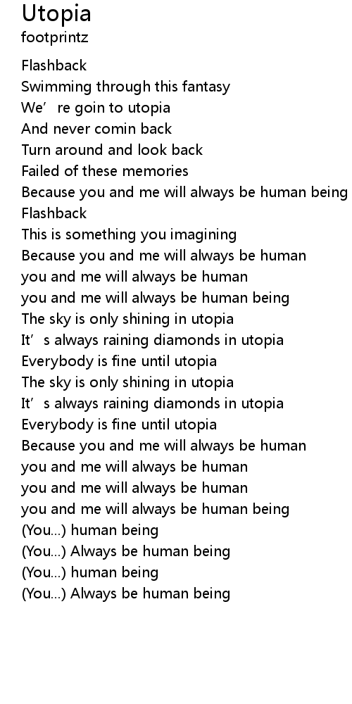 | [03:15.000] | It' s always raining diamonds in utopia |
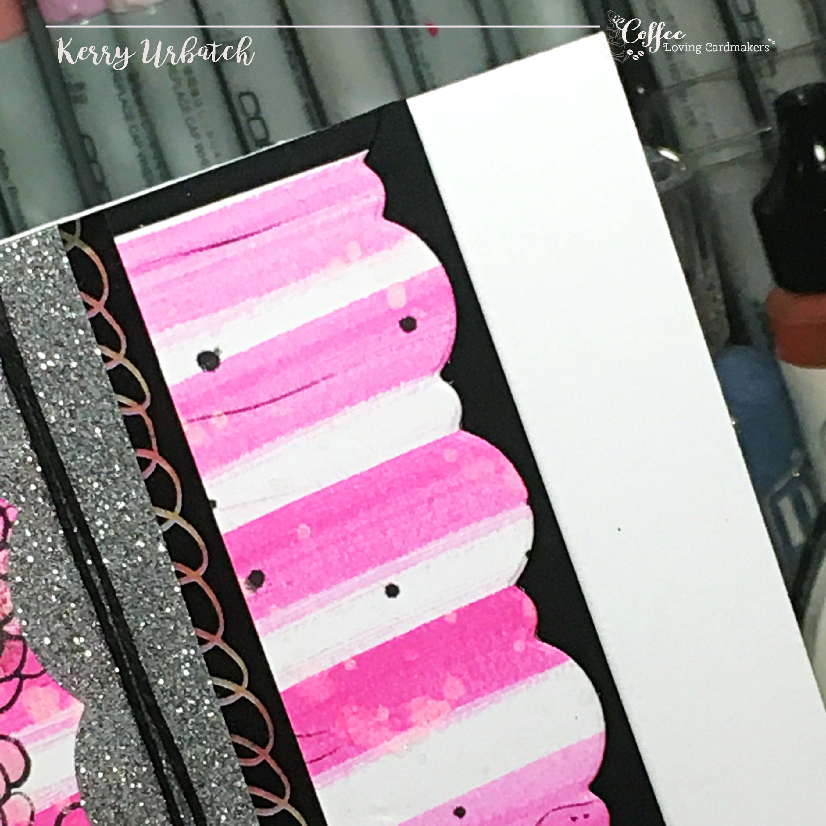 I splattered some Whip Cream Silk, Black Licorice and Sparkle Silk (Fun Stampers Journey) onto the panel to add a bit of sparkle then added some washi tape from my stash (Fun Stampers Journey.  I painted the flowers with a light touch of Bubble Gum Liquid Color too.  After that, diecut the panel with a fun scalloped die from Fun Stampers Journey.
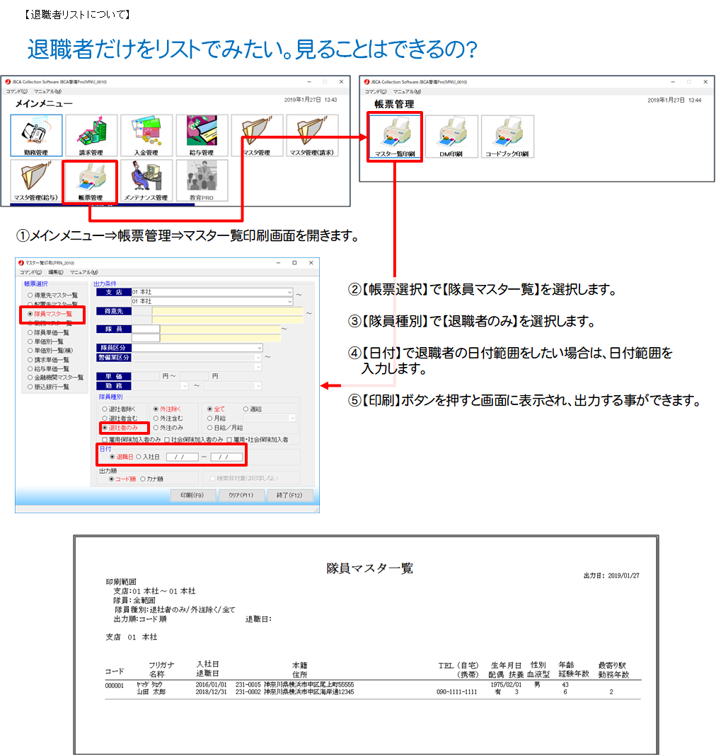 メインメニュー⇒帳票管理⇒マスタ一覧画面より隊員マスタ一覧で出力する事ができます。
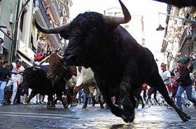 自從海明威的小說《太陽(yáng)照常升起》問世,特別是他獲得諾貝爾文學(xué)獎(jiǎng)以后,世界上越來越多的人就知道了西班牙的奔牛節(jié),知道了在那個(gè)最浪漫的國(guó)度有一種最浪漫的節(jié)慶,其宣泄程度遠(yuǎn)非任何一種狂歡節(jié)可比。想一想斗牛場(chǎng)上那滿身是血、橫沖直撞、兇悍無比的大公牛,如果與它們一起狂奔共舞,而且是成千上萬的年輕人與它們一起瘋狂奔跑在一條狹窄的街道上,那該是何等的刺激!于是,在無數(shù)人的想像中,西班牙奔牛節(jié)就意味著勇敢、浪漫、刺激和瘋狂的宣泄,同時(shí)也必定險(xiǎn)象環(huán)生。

== == ==

§ **WHAT YOU HAVE TO DO**
A faithful copy is needed: reproduce all of the data above, leaving the pictures out.

§ **THE COMPLETED TASK**
 | [03:15.000] | It' s always raining diamonds in utopia |
 I splattered some Whip Cream Silk, Black Licorice and Sparkle Silk (Fun Stampers Journey) onto the panel to add a bit of sparkle then added some washi tape from my stash (Fun Stampers Journey.  I painted the flowers with a light touch of Bubble Gum Liquid Color too.  After that, diecut the panel with a fun scalloped die from Fun Stampers Journey.
 メインメニュー⇒帳票管理⇒マスタ一覧画面より隊員マスタ一覧で出力する事ができます。
 自從海明威的小說《太陽(yáng)照常升起》問世,特別是他獲得諾貝爾文學(xué)獎(jiǎng)以后,世界上越來越多的人就知道了西班牙的奔牛節(jié),知道了在那個(gè)最浪漫的國(guó)度有一種最浪漫的節(jié)慶,其宣泄程度遠(yuǎn)非任何一種狂歡節(jié)可比。想一想斗牛場(chǎng)上那滿身是血、橫沖直撞、兇悍無比的大公牛,如果與它們一起狂奔共舞,而且是成千上萬的年輕人與它們一起瘋狂奔跑在一條狹窄的街道上,那該是何等的刺激!于是,在無數(shù)人的想像中,西班牙奔牛節(jié)就意味著勇敢、浪漫、刺激和瘋狂的宣泄,同時(shí)也必定險(xiǎn)象環(huán)生。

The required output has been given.